### Information given
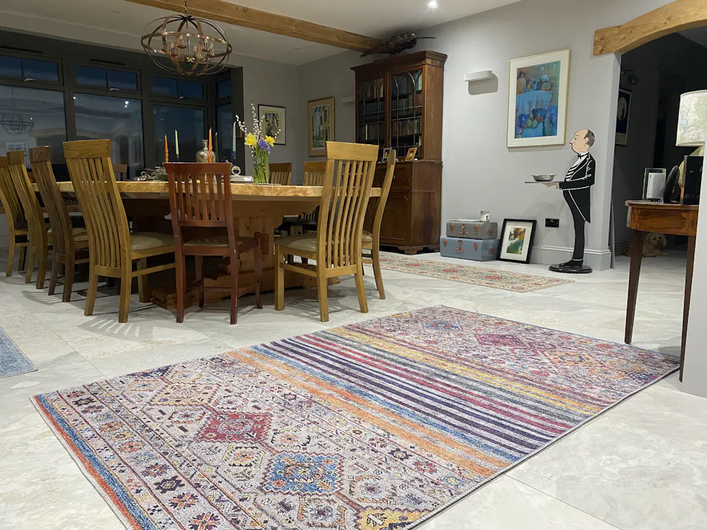 Our washable rug combines durability and elegance, crafted from high-quality cotton and polyester. Designed for busy households with children and pets, it resists dust and dirt, making it perfect for allergy-sensitive spaces. Its flat weave ensures it remains a practical yet stylish choice for high-traffic areas.
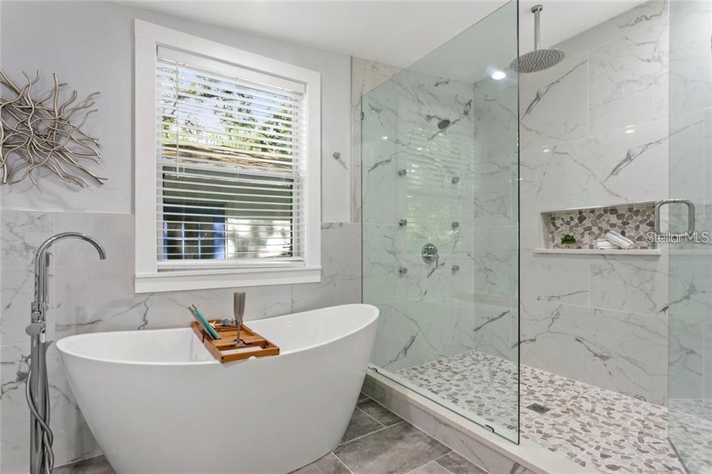 Under contract-accepting backup offers. Welcome to this charming, fully updated original cottage with old world charm featuring three bedrooms two baths, one car garage and an oversized lush landscaped fenced in back yard. Kitchen has updated finishes, stainless steel appliances, eat in counter space and dual entrances. Barn doors lead to the master bedroom with scenic views and spacious bathroom with a freestanding soaker bathtub, frameless shower with rainfall shower head and large vanity with dual sinks. Split bedroom plan with two addition bedrooms located on the other side of the home. Renovation includes newer plumbing, newer electrical panel and newer wiring. The beautiful, oversized lot offers privacy, a relaxing “neighbor patio”, extra-long driveway for guest parking and a spacious fenced in back yard with firepit. Conveniently located close to shopping, entertainment, restaurants, sports venues and just a short walk from all that Seminole Heights features and more.
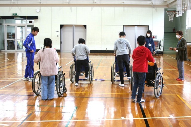 今日は総合的な学習の授業で車いすの体験をしました。
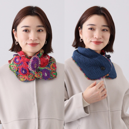 <ショップチャンネル> エム アンド キョウコ フラワー刺しゅう リバーシブル プチマフラー
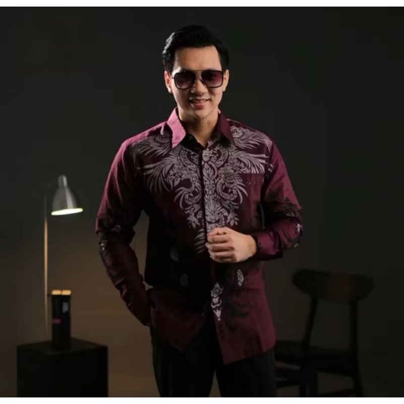 KEMEJA Jirolu batik men's long-sleeved batik shirt in bright colors, sandalwood motif kemeja lelaki

### Aim of the task
Write out exactly, with no pictures, each line from the one containing "今日は総合的な学習の授業で車いすの体験をしました。" through the last line of the listing above, both included.

### Response below
 今日は総合的な学習の授業で車いすの体験をしました。
 <ショップチャンネル> エム アンド キョウコ フラワー刺しゅう リバーシブル プチマフラー
 KEMEJA Jirolu batik men's long-sleeved batik shirt in bright colors, sandalwood motif kemeja lelaki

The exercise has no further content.